The enthusiasm that had started in mid-August has been sucked completely out. Since Fed Chairman Powell made his comments in Jackson Hole, the market has gone down 6.5% in six trading days. The day of his speech on August 26th, the S&P 500 and Nasdaq had their worst day in two months.
It seemed the combination of Powell’s comments and the approach to hitting the 200-day average slammed the market back down. The trend line of the market 200-day was hit with the resistance of a concrete ceiling. It got near and then fell like a rock.
We’ve now been below the 200-day average for 102 days and counting. As the chart below shows, the S&P 500 is in the midst of the 5th worst year through eight months in history.
How about if you have a traditional 60/40 (60% stocks & 40% bonds) portfolio? That has seen the worst start since 1976.
Now we enter September which is traditionally one of the worst performing months of the year. The S&P 500 is only up 44% of the time in September.
I’m watching the 3,900 level on the S&P 500. If we breach that, we’re heading back to the June lows. The S&P 500 closed the week at 3,924. Maybe the Santa Clause rally will start early this year. At least we can hope!
Don’t Fight the Fed
A week ago on August 26th at the Jackson Hole Economic Conference, Fed Chairman Jerome Powell reiterated the Fed’s plan to bring down inflation. The comments below from his speech makes things very clear.
While higher interest rates, slower growth, and softer labor market conditions will bring down inflation, they will also bring some pain to households and businesses. These are the unfortunate costs of reducing inflation. But a failure to restore price stability would mean far greater pain.
Pain is mentioned twice in the comments above. Investors and consumers should understand that if this is the plan and they stick to it, we’ll experience further economic pain. People need to understand that you just can’t try to fight the Fed.
Net Short Positions Grow
Investors and hedge funds have ramped up their short positions against the S&P 500 futures. This means traders (mostly hedge funds) have increased their bets that the S&P 500 will fall. We’re now at levels not seen in two years.

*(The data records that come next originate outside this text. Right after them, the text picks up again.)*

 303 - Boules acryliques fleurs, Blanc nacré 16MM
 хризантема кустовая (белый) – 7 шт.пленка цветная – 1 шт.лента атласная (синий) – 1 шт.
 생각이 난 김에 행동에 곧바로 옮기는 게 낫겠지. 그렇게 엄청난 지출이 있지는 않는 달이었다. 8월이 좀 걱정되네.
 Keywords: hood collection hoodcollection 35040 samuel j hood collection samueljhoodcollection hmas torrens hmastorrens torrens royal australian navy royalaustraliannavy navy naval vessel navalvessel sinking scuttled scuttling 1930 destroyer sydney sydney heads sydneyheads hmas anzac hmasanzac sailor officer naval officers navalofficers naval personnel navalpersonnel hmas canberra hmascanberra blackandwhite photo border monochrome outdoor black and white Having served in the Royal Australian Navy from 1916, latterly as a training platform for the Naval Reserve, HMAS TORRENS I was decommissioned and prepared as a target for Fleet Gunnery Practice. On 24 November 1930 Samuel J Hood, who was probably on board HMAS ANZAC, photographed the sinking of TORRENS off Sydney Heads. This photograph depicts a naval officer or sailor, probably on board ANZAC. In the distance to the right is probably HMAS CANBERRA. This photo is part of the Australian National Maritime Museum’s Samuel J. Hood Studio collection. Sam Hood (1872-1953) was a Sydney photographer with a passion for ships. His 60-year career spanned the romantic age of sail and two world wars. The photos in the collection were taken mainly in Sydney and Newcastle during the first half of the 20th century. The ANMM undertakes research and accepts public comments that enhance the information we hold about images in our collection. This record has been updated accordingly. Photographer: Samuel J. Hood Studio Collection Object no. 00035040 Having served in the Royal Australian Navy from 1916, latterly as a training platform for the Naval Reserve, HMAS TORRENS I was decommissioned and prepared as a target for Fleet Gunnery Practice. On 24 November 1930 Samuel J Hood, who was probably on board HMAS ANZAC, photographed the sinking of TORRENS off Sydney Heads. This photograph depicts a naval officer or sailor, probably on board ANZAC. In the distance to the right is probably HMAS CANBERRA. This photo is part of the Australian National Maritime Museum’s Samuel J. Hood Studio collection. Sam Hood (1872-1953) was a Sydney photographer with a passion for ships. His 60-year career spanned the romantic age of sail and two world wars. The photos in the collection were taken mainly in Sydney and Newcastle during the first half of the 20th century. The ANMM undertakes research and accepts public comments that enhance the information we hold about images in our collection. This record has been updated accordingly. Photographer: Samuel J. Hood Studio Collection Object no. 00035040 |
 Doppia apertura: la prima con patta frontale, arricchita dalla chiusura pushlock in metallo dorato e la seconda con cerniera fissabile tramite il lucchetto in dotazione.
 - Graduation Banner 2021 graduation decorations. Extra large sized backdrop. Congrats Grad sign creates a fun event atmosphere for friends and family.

With this much short interest and bearish activity, is when I want to be contrarian and get bullish. I just keep going back to the fact that markets don’t collapse when everyone is hedged and betting against it.

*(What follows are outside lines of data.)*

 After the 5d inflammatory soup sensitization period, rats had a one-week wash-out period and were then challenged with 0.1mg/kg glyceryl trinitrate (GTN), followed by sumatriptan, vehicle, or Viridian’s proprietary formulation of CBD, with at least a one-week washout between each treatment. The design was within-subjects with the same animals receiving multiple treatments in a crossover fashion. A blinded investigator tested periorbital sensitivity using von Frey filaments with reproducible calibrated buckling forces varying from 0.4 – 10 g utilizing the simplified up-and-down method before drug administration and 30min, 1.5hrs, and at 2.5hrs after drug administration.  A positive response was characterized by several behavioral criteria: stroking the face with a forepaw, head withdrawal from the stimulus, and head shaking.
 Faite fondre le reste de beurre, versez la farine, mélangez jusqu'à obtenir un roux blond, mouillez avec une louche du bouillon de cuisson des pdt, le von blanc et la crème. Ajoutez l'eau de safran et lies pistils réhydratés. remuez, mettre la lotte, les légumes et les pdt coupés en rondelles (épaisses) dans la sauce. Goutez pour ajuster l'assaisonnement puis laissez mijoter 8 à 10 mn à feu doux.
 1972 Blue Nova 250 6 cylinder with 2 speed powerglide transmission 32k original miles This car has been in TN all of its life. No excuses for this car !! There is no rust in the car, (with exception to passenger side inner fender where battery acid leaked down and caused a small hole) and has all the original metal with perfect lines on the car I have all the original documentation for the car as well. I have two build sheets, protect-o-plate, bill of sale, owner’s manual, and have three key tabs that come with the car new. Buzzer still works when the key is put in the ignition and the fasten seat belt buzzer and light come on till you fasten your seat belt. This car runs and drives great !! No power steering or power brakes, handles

Sentiment Is Shifting All Bearish
Bullish sentiment is at an 8-week low and bearish sentiment is at an 8-week high. When everyone gets to one side of the boat and it gets too much weight, we know that it may be time to get on the other side.
Moves I’ve Made
Nvidia NVDA 0.00%↑. Added to my position at $138. It hit a new 52-week low after the US imposed a new license requirement for the company's AI chips to China and Russia. My feeling is this is another short-term related negative story for Nvidia. Very long this name.

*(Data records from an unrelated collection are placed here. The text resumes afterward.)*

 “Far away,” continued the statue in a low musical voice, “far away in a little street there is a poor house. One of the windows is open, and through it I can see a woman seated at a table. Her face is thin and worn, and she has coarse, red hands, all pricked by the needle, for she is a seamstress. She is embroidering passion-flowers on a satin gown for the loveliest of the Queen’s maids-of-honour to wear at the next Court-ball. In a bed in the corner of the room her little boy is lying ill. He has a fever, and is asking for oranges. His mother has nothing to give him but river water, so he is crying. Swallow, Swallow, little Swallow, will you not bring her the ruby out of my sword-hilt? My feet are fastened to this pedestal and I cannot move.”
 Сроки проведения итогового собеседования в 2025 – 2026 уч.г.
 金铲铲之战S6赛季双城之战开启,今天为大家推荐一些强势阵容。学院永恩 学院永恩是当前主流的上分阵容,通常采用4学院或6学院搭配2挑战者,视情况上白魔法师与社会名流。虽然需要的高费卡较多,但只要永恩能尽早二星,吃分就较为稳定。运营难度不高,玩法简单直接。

Nvidia has traditionally been a very volatile stock. This is a chart of the drawdowns in the stock since 1999 when it came public.
My Plan Forward
I’m not very confident that we head higher from here. In my last Investing Update I was feeling bullish and that we could bust out of this bear market. Well, I was dead wrong on that assessment.
I’ve made a few buys, but for now I’m planning to hold pat. I’ll be contributing some more cash to get positioned to start buying. Like I said above, I’m watching the 3,900 level on the S&P 500. With as volatile as the markets have been I’m still happy with being fully invested.
My focus is the long-term. Everyone’s investment goals and thesis is different. I’m looking out many years. That is why I bought more Nvidia. It’s why the week before I bought more Google GOOGL 0.00%↑and before that Uber UBER 0.00%↑. What companies years out will be higher than they are today?
With a long-term time horizon the 7 mega-cap tech names are a good place to start looking. As you can see the drawdowns in these companies is steep. But 1, 3, 5, or 10 years from now, how many of these companies will be worth more than they are today? That’s how I’m viewing the market and individual stocks.
The Coffee Table ☕
Thomas Kopelman did a post called 7 Helpful Personal Finance Calculators To Use. I refer to these often and it’s a good post idea to have these all in one spot.
Kiplinger had a story about getting health insurance if you retire early. I Can’t Retire Early - I Need Health Insurance. Gives great tips on how to get your health insurance in order if you want to buy it on your own.
If you’re into watching movies, I watched CODA again. It won best picture and it’s one of the best movies that I’ve seen in years. The other movie that if you haven’t watched it yet, you better get to it, is Top Gun: Maverick.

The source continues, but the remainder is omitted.